Tirlet Yael, Boudet Matéo, Becker Emmanuelle, Legeai Fabrice, Dameron Olivier
Univ Rennes, Inria, CNRS, IRISA, 35000, Rennes, France.
IGEPP, INRAE, Institut Agro, Univ Rennes, 35653, Le Rheu, France.
Comput Struct Biotechnol J. 2024 Nov 19;23:4232-4241. doi: 10.1016/j.csbj.2024.11.022. eCollection 2024 Dec.

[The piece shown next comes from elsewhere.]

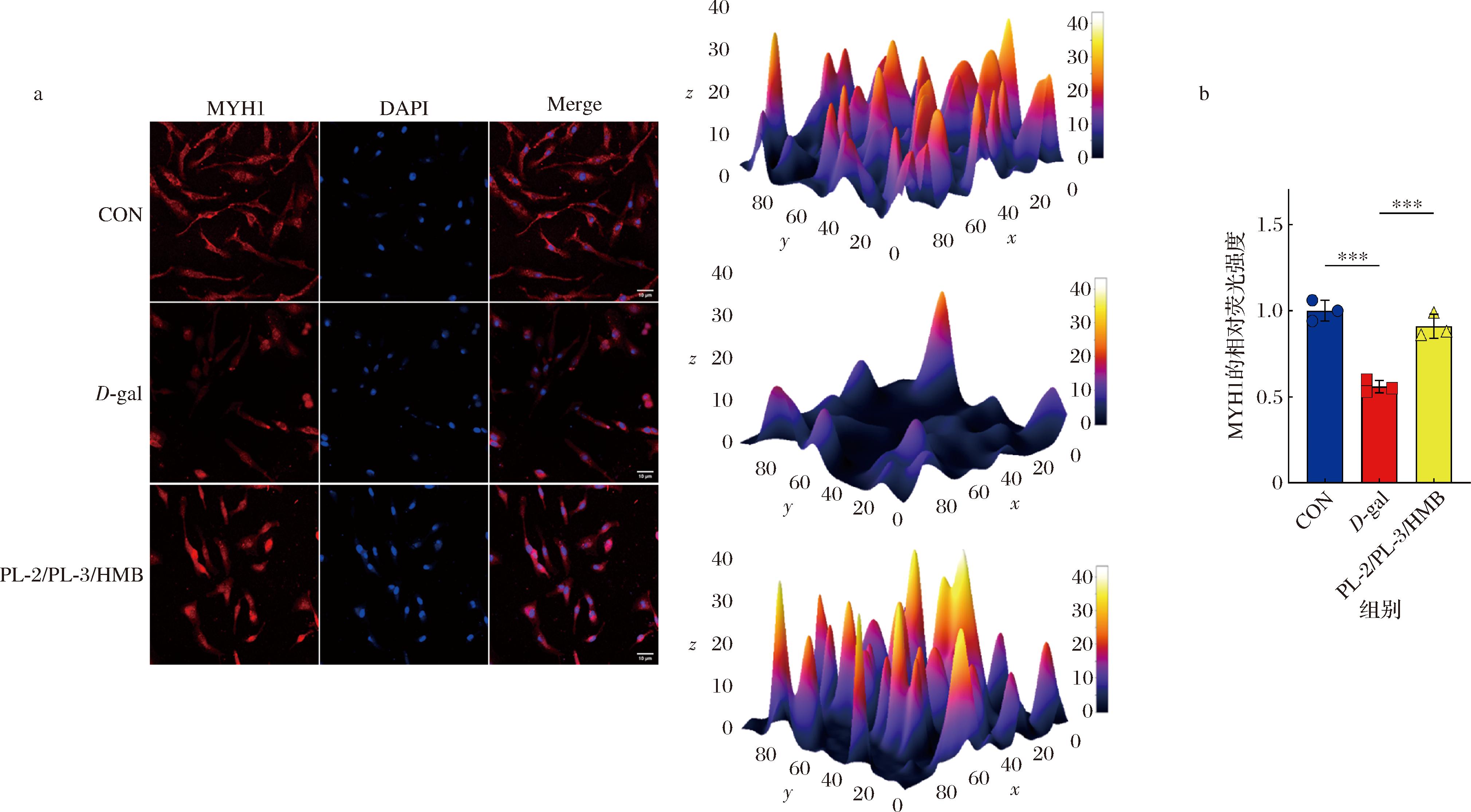 MYH1是肌球蛋白的组成成分和快肌纤维的标记物,参与骨骼肌的发育过程,负责肌肉的收缩和运动。肌少症主要表现为骨骼肌纤维,尤其是快肌纤维的体积和数量减少,且已有研究在老年肌肉中已观察到快肌纤维MYH1蛋白的丢失[24],快肌纤维MYH1蛋白的缺失可能是导致老年人肌少症的重要诱因。利用荧光染色法研究了L.plantarum NDF100S-2、L.plantarum HZZC-3和HMB组合对快肌纤维MYH1蛋白表达的影响。结果如图4-a所示,与D-gal相比,PL-2/PL-3/HMB组合显著上调了快肌纤维MYH1蛋白的表达量,MYH1相对荧光强度分析结果(图4-b)发现PL-2/PL-3/HMB组合恢复了D-gal导致的荧光强度降低,进一步验证表明PL-2/PL-3/HMB可能通过调控快肌纤维MYH1蛋白的表达延缓肌纤维的流失,从而延缓肌少症。

The expansion of multi-omics datasets raises significant challenges for data integration and querying. To overcome these challenges, we developed a generic RDF-based integration schema that connects various types of differential -omics data, epigenomics, and regulatory information. This schema employs the FALDO ontology to enable querying based on genomic locations. It is designed to be fully or partially populated, providing both flexibility and extensibility while supporting complex queries. We validated the schema by reproducing two recently published studies, one in biomedicine and the other in environmental science, proving its genericity and its ability to integrate data efficiently. This schema serves as an effective tool for managing and querying a wide range of multi-omics datasets.
多组学数据集的扩展给数据整合和查询带来了重大挑战。为了克服这些挑战,我们开发了一种基于资源描述框架(RDF)的通用整合模式,该模式连接了各种类型的差异组学数据、表观基因组学和调控信息。该模式采用FALDO本体来实现基于基因组位置的查询。它被设计为可以完全或部分填充,在支持复杂查询的同时提供灵活性和可扩展性。我们通过重现最近发表的两项研究(一项在生物医学领域,另一项在环境科学领域)对该模式进行了验证,证明了其通用性和高效整合数据的能力。该模式是管理和查询广泛的多组学数据集的有效工具。